## Exercise
Starting from the line in which "Octubre. Xerrada sobre" appears, set down each line exactly through the end of the listing, and nothing else. Leave out pictures.

## Source information
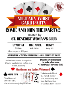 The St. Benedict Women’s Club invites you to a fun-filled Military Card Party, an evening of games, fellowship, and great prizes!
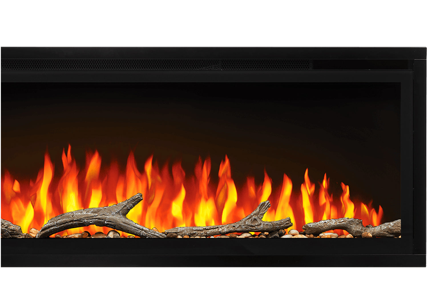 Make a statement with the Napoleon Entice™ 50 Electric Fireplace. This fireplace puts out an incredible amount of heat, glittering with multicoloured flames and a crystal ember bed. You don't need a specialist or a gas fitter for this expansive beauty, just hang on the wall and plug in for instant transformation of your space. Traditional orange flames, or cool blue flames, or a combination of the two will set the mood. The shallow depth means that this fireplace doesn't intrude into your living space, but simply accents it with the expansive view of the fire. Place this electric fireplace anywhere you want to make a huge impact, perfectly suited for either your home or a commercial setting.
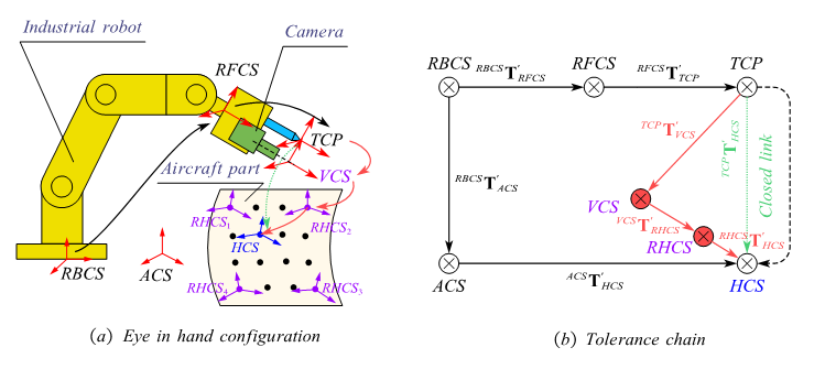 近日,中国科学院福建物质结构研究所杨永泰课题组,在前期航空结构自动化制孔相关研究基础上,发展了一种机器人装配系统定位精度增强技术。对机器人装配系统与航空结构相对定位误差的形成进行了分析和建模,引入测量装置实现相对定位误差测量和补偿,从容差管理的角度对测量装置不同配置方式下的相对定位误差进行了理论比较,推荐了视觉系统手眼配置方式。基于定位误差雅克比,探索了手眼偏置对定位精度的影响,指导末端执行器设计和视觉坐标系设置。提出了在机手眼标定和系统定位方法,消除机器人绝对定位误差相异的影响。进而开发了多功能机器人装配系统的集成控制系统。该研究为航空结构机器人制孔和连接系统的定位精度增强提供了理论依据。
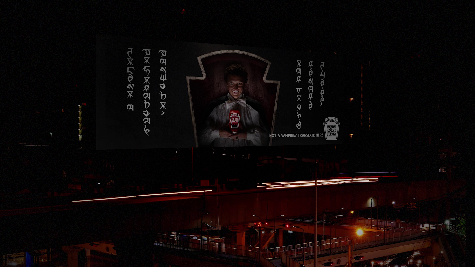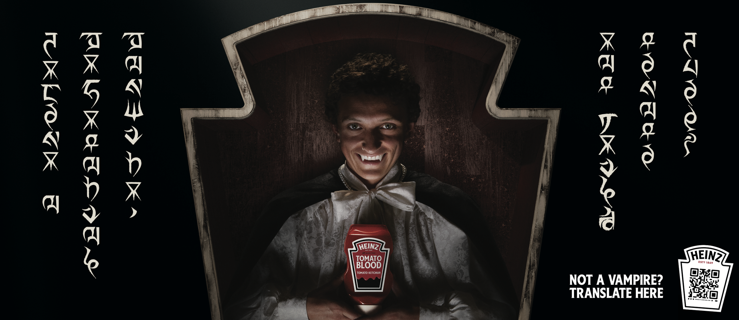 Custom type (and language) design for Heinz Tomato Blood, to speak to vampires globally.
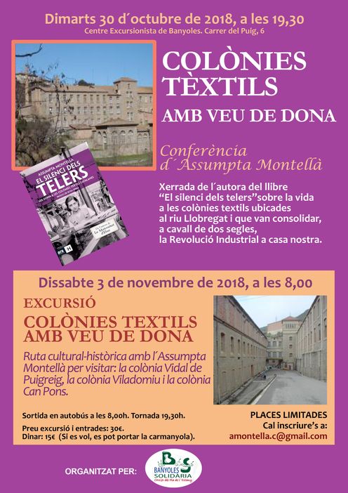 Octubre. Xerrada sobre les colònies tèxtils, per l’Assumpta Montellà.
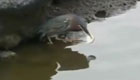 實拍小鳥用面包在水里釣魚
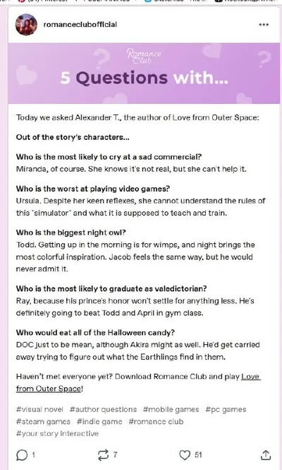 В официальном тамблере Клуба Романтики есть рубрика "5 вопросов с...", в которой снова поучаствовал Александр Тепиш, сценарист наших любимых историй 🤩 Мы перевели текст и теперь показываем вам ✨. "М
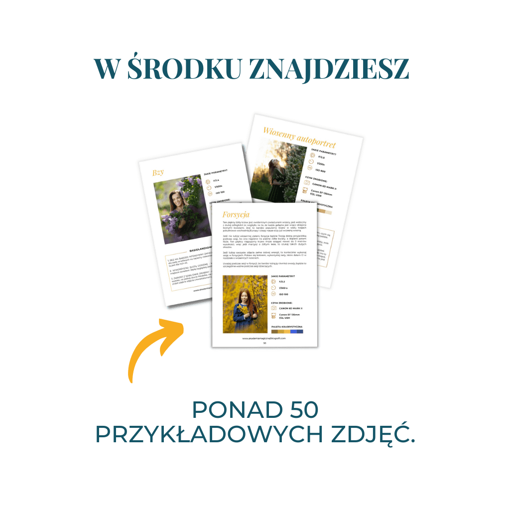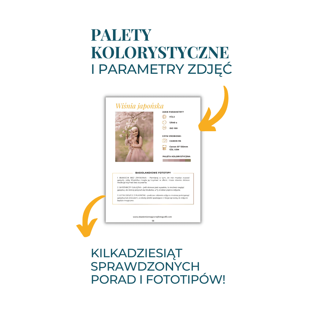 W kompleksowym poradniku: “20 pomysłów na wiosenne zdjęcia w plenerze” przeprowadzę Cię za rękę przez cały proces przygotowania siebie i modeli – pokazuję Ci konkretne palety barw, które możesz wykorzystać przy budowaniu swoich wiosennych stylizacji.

## Solution to the problem
 Octubre. Xerrada sobre les colònies tèxtils, per l’Assumpta Montellà.
 實拍小鳥用面包在水里釣魚
 В официальном тамблере Клуба Романтики есть рубрика "5 вопросов с...", в которой снова поучаствовал Александр Тепиш, сценарист наших любимых историй 🤩 Мы перевели текст и теперь показываем вам ✨. "М
 W kompleksowym poradniku: “20 pomysłów na wiosenne zdjęcia w plenerze” przeprowadzę Cię za rękę przez cały proces przygotowania siebie i modeli – pokazuję Ci konkretne palety barw, które możesz wykorzystać przy budowaniu swoich wiosennych stylizacji.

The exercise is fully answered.